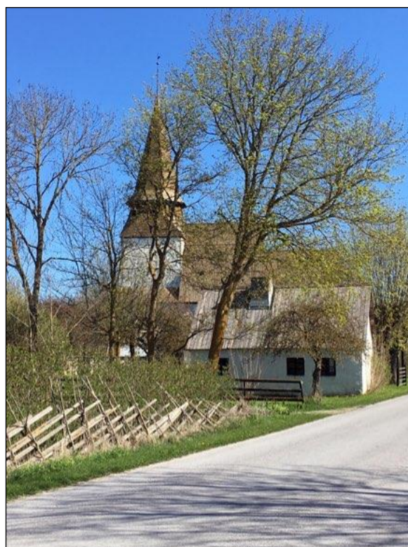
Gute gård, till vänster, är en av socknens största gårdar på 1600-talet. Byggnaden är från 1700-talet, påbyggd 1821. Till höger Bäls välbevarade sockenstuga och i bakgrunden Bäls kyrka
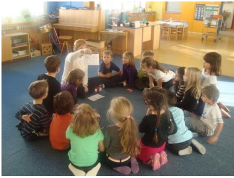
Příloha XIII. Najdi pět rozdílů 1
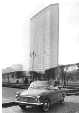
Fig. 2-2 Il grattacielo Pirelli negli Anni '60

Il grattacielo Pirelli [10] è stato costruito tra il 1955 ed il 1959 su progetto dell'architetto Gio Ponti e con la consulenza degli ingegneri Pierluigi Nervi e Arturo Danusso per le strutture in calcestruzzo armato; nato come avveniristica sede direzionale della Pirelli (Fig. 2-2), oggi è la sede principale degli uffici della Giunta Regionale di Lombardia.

---

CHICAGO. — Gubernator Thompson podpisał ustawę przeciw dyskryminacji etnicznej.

What to do »
Here the job is to copy the listing above word for word, starting at the line with "Příloha XIII. Najdi pět rozdílů 1" and ending at the line with "Il grattacielo Pirelli [10]", and to leave out the pictures.

Exercise answer »
Příloha XIII. Najdi pět rozdílů 1
Fig. 2-2 Il grattacielo Pirelli negli Anni '60

Il grattacielo Pirelli [10] è stato costruito tra il 1955 ed il 1959 su progetto dell'architetto Gio Ponti e con la consulenza degli ingegneri Pierluigi Nervi e Arturo Danusso per le strutture in calcestruzzo armato; nato come avveniristica sede direzionale della Pirelli (Fig. 2-2), oggi è la sede principale degli uffici della Giunta Regionale di Lombardia.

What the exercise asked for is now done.